Problem: The first line of the listing opens the range and the line with "4 UNGER BROTHERS" closes it; repeat those lines and all between them word for word, leaving out the pictures.

————————

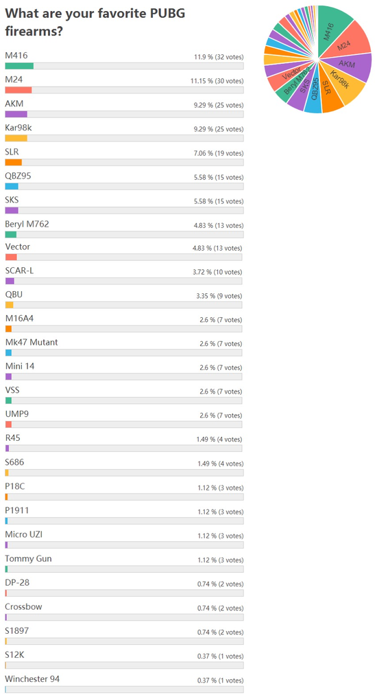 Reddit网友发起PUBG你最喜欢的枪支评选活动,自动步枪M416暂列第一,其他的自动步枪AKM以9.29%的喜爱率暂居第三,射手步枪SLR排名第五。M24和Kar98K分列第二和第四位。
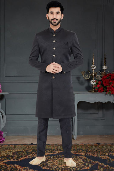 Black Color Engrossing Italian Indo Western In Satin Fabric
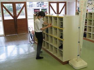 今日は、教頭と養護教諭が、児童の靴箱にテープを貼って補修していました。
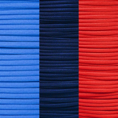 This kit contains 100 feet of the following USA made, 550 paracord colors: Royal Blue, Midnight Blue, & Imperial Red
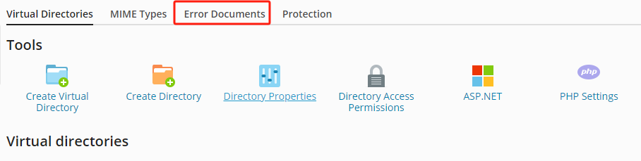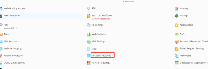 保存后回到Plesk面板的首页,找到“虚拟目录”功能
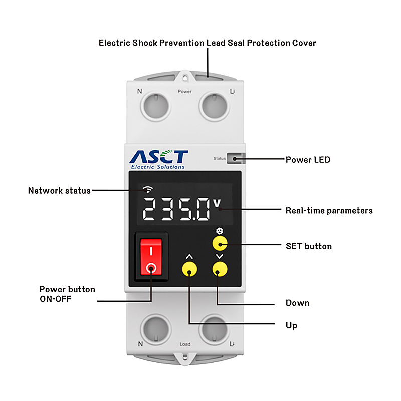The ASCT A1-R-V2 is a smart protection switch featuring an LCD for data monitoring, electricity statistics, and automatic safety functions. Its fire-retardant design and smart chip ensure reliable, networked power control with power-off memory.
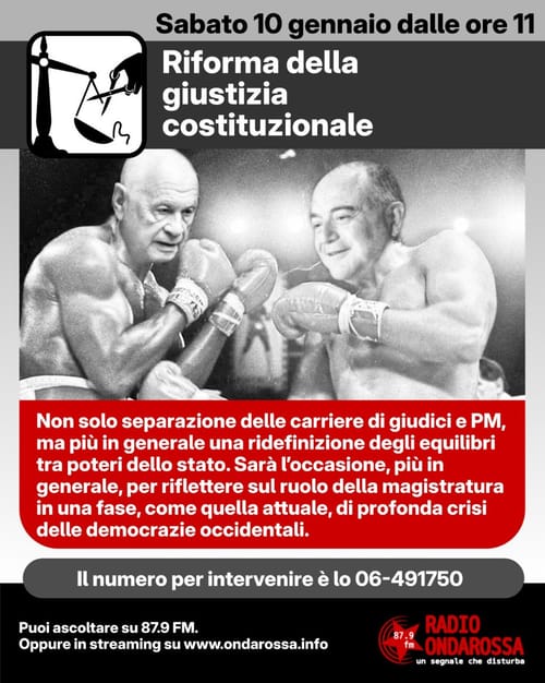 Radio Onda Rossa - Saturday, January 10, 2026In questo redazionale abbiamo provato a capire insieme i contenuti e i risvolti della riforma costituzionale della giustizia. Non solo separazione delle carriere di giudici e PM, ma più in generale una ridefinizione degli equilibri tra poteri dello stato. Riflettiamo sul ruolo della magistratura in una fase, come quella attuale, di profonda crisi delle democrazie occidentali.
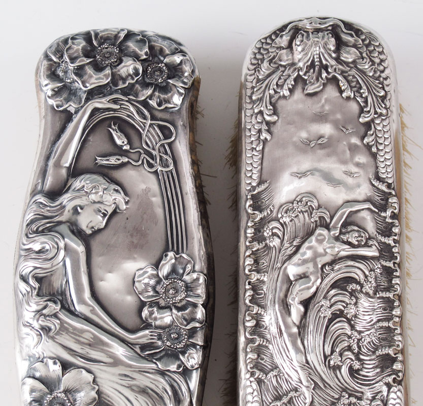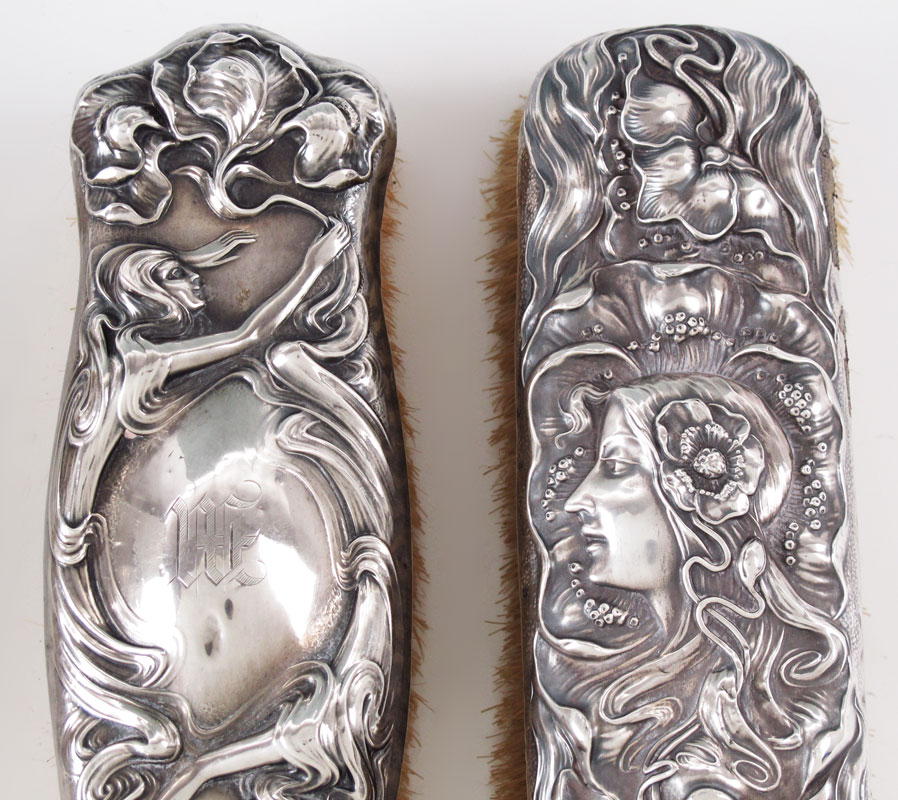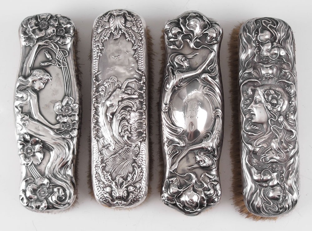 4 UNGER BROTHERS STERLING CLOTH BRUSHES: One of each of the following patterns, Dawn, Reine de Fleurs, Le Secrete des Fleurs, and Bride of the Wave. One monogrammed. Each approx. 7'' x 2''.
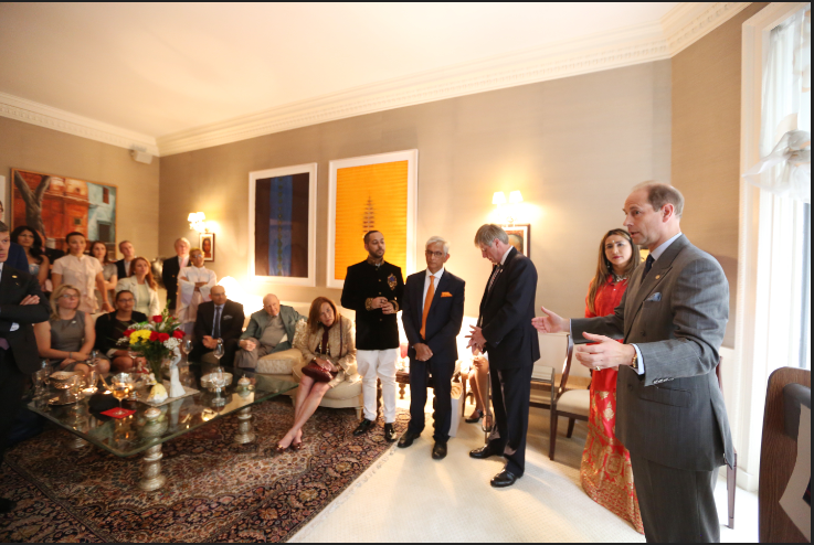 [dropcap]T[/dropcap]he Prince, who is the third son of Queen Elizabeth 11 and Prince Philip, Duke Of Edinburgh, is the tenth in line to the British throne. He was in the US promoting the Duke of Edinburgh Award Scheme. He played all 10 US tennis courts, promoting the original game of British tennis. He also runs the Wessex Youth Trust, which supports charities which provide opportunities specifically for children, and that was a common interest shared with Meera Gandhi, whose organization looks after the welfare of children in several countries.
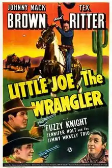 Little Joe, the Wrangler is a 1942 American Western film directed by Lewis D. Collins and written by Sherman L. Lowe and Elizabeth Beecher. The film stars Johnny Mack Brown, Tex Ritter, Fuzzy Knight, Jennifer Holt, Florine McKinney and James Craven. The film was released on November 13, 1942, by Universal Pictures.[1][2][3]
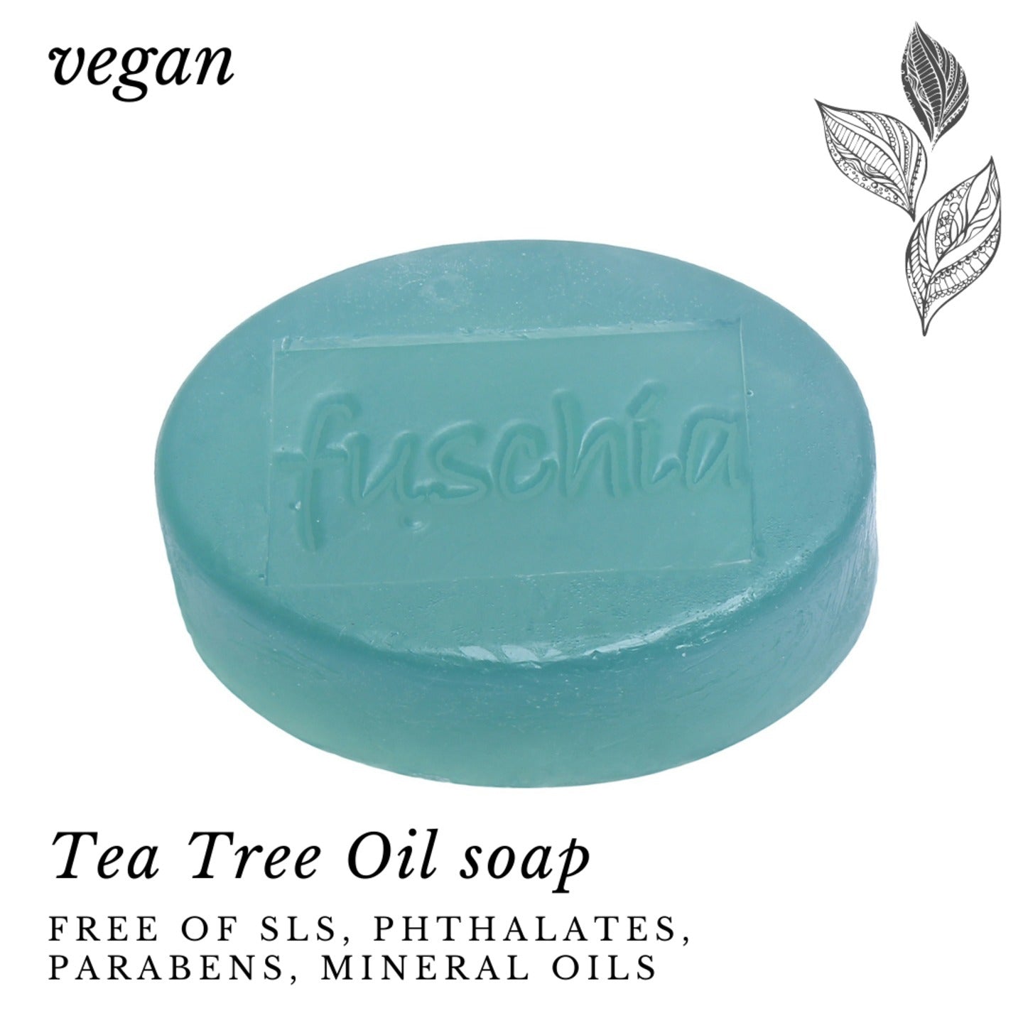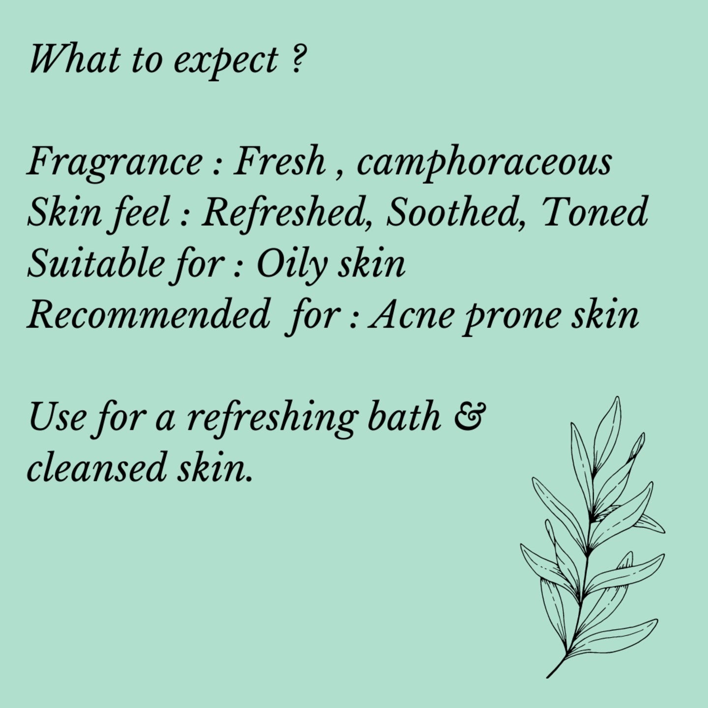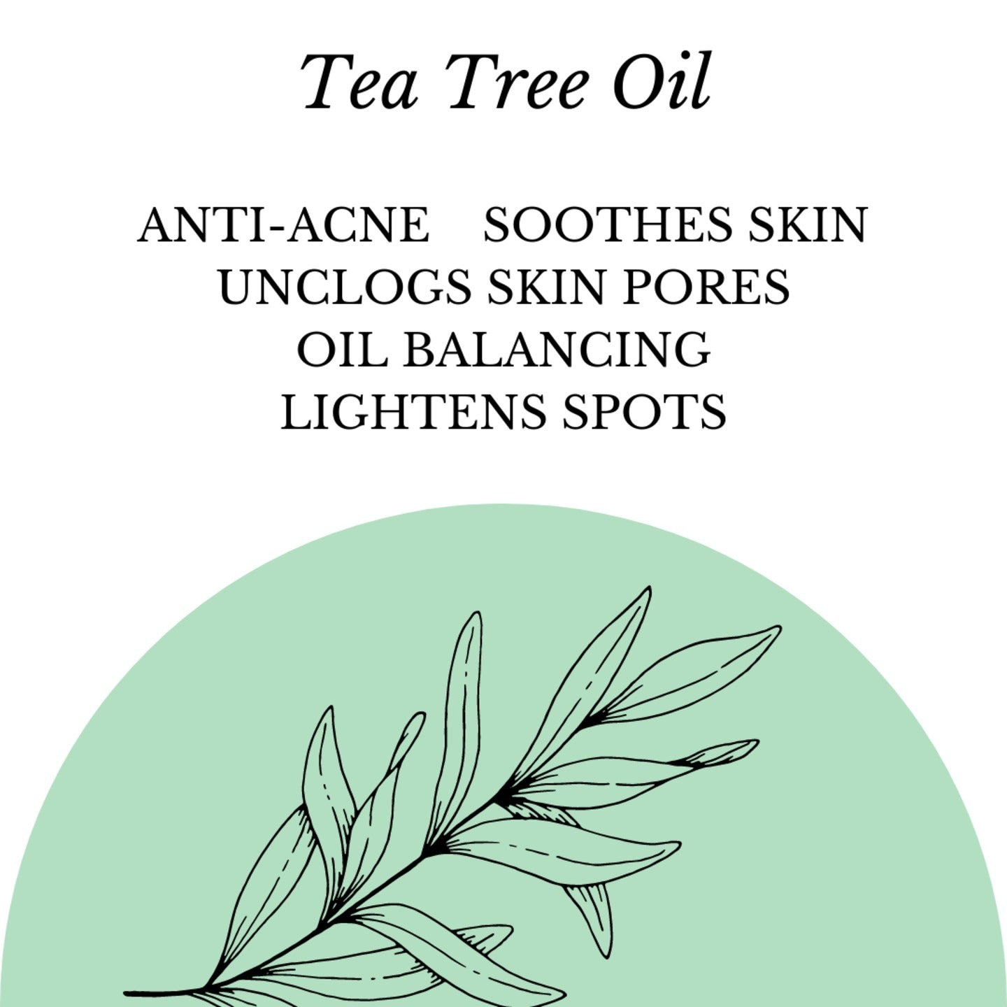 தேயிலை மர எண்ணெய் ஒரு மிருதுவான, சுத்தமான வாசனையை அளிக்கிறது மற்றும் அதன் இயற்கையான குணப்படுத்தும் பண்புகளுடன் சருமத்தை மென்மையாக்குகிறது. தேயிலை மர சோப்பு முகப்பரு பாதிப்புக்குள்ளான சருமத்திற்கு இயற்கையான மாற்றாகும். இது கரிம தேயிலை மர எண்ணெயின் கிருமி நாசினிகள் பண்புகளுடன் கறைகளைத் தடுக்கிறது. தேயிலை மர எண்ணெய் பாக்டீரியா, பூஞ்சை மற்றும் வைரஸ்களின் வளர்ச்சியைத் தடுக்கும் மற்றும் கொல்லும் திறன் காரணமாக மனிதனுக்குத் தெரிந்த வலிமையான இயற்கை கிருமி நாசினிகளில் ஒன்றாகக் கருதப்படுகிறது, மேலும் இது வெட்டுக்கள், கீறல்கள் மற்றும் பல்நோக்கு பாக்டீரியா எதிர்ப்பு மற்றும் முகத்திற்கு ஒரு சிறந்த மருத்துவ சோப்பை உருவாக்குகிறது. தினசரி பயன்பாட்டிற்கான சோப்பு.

————————

Written solution:
 Reddit网友发起PUBG你最喜欢的枪支评选活动,自动步枪M416暂列第一,其他的自动步枪AKM以9.29%的喜爱率暂居第三,射手步枪SLR排名第五。M24和Kar98K分列第二和第四位。
 Black Color Engrossing Italian Indo Western In Satin Fabric
 今日は、教頭と養護教諭が、児童の靴箱にテープを貼って補修していました。
 This kit contains 100 feet of the following USA made, 550 paracord colors: Royal Blue, Midnight Blue, & Imperial Red
 保存后回到Plesk面板的首页,找到“虚拟目录”功能
The ASCT A1-R-V2 is a smart protection switch featuring an LCD for data monitoring, electricity statistics, and automatic safety functions. Its fire-retardant design and smart chip ensure reliable, networked power control with power-off memory.
 Radio Onda Rossa - Saturday, January 10, 2026In questo redazionale abbiamo provato a capire insieme i contenuti e i risvolti della riforma costituzionale della giustizia. Non solo separazione delle carriere di giudici e PM, ma più in generale una ridefinizione degli equilibri tra poteri dello stato. Riflettiamo sul ruolo della magistratura in una fase, come quella attuale, di profonda crisi delle democrazie occidentali.
 4 UNGER BROTHERS STERLING CLOTH BRUSHES: One of each of the following patterns, Dawn, Reine de Fleurs, Le Secrete des Fleurs, and Bride of the Wave. One monogrammed. Each approx. 7'' x 2''.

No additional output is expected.